Тот кричал, ему было страшно, вся уверенность испарилась без следа. Курт держал его за обе руки на вытянутых своих, стараясь тянуть на себя, но невиданный монстр тащил и тащил. Курт уперся левой ногой в косяк двери, и это помогло замедлить поглощение. Все происходило очень быстро. Третий смотрел на него в оба глаза, совершенно не скрывая безумного страха.
– Держись! Достану нож!
Курт смог левой рукой удерживать Третьего и, достав нож правой, начал резать эти веревки в крайне неудобной позе. Некоторые быстро рубились пополам, заливая все вокруг кровью, некоторые были потолще и легко не давались. Они были все влажные, скользкие, дергались и двигались словно под электричеством, большинство же крепко обхватило Третьего в свои объятия, чуть ли не ломая ему кости.
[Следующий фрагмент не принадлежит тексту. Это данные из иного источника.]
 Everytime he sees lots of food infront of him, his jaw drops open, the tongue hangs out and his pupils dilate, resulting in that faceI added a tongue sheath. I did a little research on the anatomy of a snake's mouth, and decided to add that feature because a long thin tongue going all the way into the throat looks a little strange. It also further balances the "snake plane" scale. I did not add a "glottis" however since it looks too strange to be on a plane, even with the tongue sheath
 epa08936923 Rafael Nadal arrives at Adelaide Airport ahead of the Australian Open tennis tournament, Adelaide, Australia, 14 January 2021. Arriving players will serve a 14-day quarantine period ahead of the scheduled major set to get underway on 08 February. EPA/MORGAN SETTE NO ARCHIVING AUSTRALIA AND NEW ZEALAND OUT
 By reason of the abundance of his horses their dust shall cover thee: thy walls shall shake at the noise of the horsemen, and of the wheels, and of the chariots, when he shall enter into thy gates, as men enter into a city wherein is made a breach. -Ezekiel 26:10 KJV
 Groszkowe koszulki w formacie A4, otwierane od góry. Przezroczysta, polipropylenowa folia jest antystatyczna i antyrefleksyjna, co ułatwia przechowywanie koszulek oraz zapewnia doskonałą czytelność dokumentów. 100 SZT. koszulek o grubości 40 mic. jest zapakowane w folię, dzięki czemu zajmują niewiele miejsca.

Единственный свет от его фонарика почти всегда упирался в лицо Третьего, который в это время сам постарался достать свой нож, прерывисто крича. Он неожиданно ощутил, как все крепче и крепче они его стягивают, не позволяя даже полноценно двигать рукой, не говоря уже о том, что нож уже недоступен, – большая часть тела обмотана.
– Курт! – Он заставил его отвлечься и посмотреть в смирившиеся глаза. – Я не плохой человек, я не хотел, чтобы с вами что-то случилось.
– О чем ты?
– Передай братьям, что я хороший человек, хороший, слышишь, хороший! Я все делал правильно! Пожалуйста, я хороший человек!
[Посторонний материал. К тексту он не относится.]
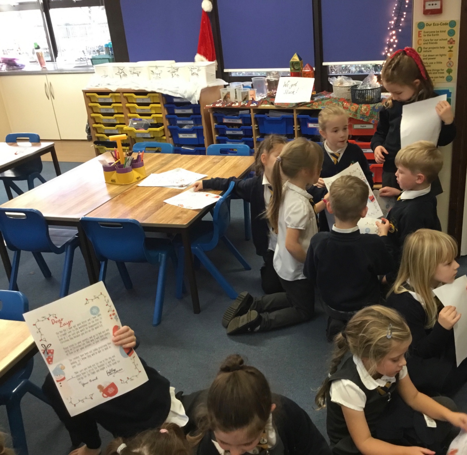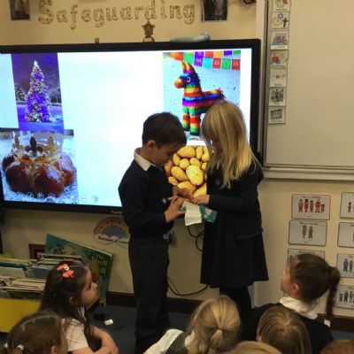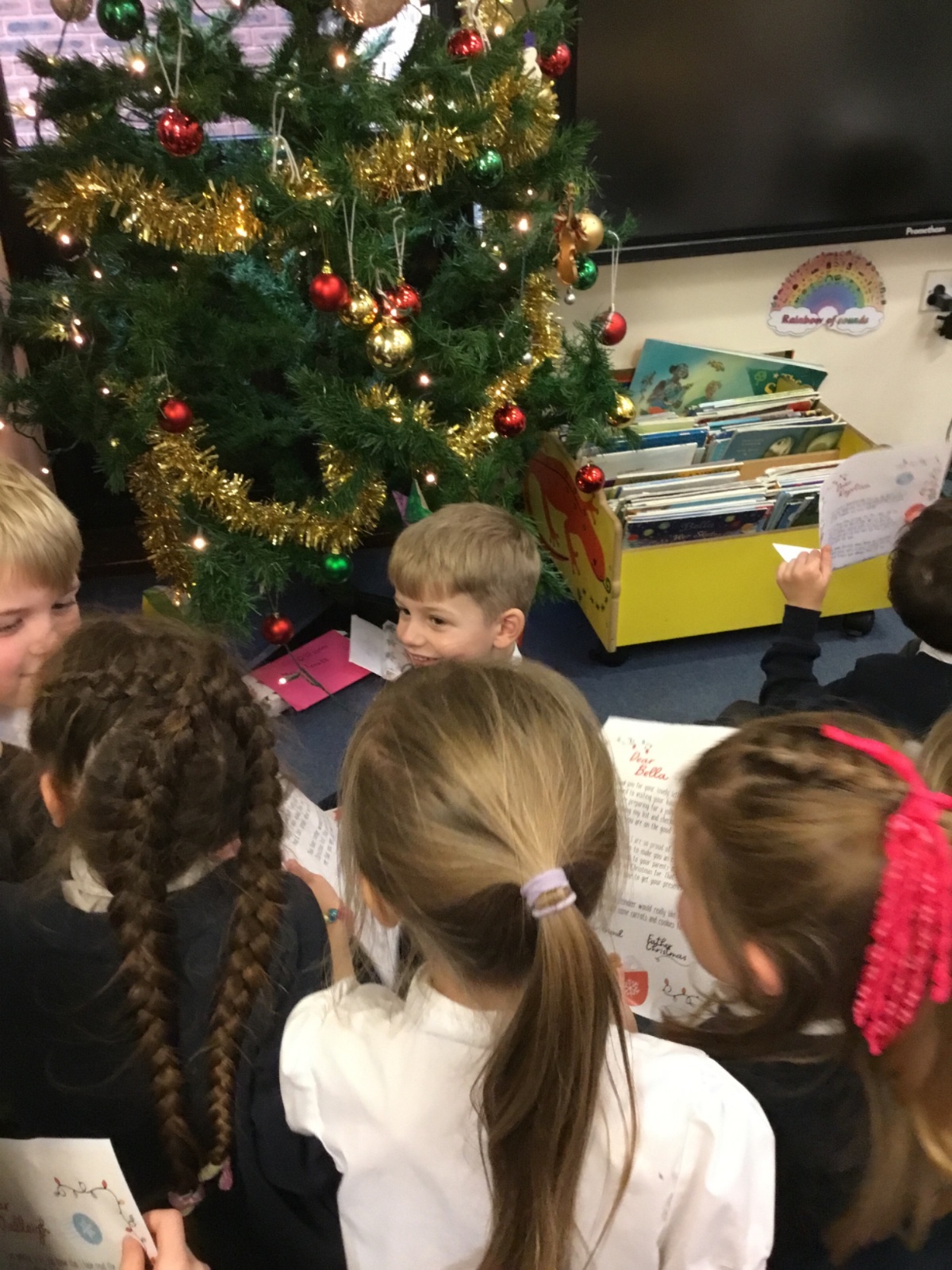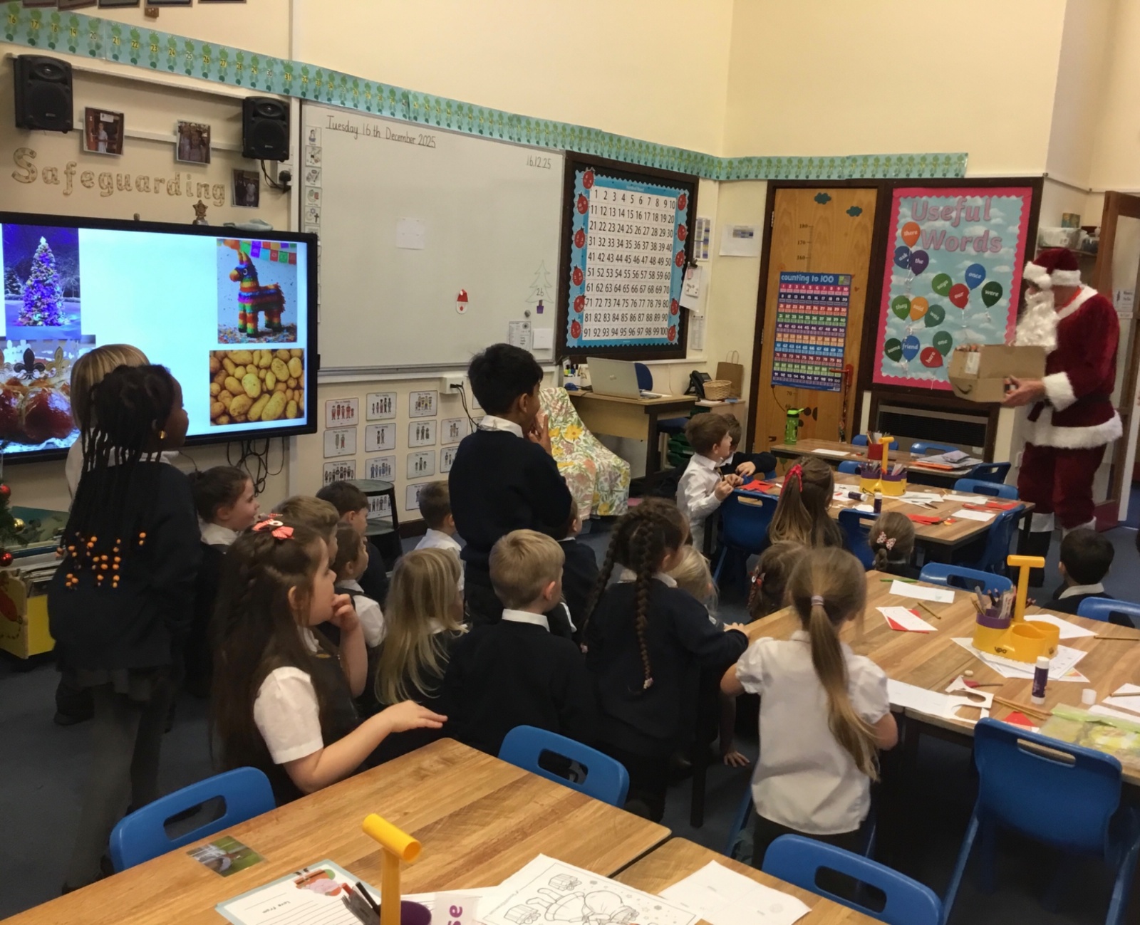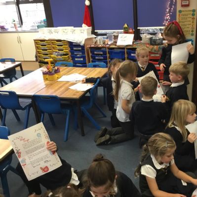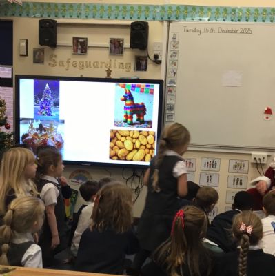 Father Christmas paid a very special visit to our class after we had written to him on Friday. He surprised us by delivering three presents for the class, along with a personal letter for each child. The children were delighted and listened carefully as their letters were shared.

– Нет, нет, нет, даже не смей…
– Сбой связи и взрыв не случайны, все это больше, чем вы все думаете! Нам запретили говорить остальным…
Но Третий не успел ничего договорить. Эти змеи смогли пробраться в костюм и буквально проникнуть внутрь тела через нос, глаза и рот, вызвав кровавый ужас в его маске, как и во всем теле. Впервые в жизни увидев такой ужас, Курт отпустил руки. Его откинуло чуть назад и прямо на пол, парализовав все чувства, отчего он какое-то время не мог даже кричать, не то что думать. Страх перебирал все его косточки, вынуждая бороться как с рвотой, так и с шоком. Все, что он мог, – это взять свой пистолет и выпустить все, что у него было, в ту темноту за выкорчеванными дверьми. Крик монстра вновь дошел до его ушей, но понять, связано это с болью или же с радостью трапезы, было ему невозможно. Курт быстро выбежал обратно в коридор и помчался к Мойре и Анне. Он шел почти все время спиной вперед, его трясло, ужасный образ умирающего Третьего невозможно было выкинуть из головы. Он видел все в его глазах, как тот еще борется за жизнь, как ему страшно, как медленно он стал понимать, что конец неминуем… А потом эти змеи без глаз и рта стали пробираться в его рот и нос, а потом и в глаза. Этот его последний взгляд – Курт все пытается понять, что же он изображал. Раскрытые полностью глаза, немного зеленые, раскрытый зрачок… Курт мотает головой из стороны в сторону, желая выбросить это, но не может. Он плачет, ему больно всем телом, будто бы это он умер, а не Третий.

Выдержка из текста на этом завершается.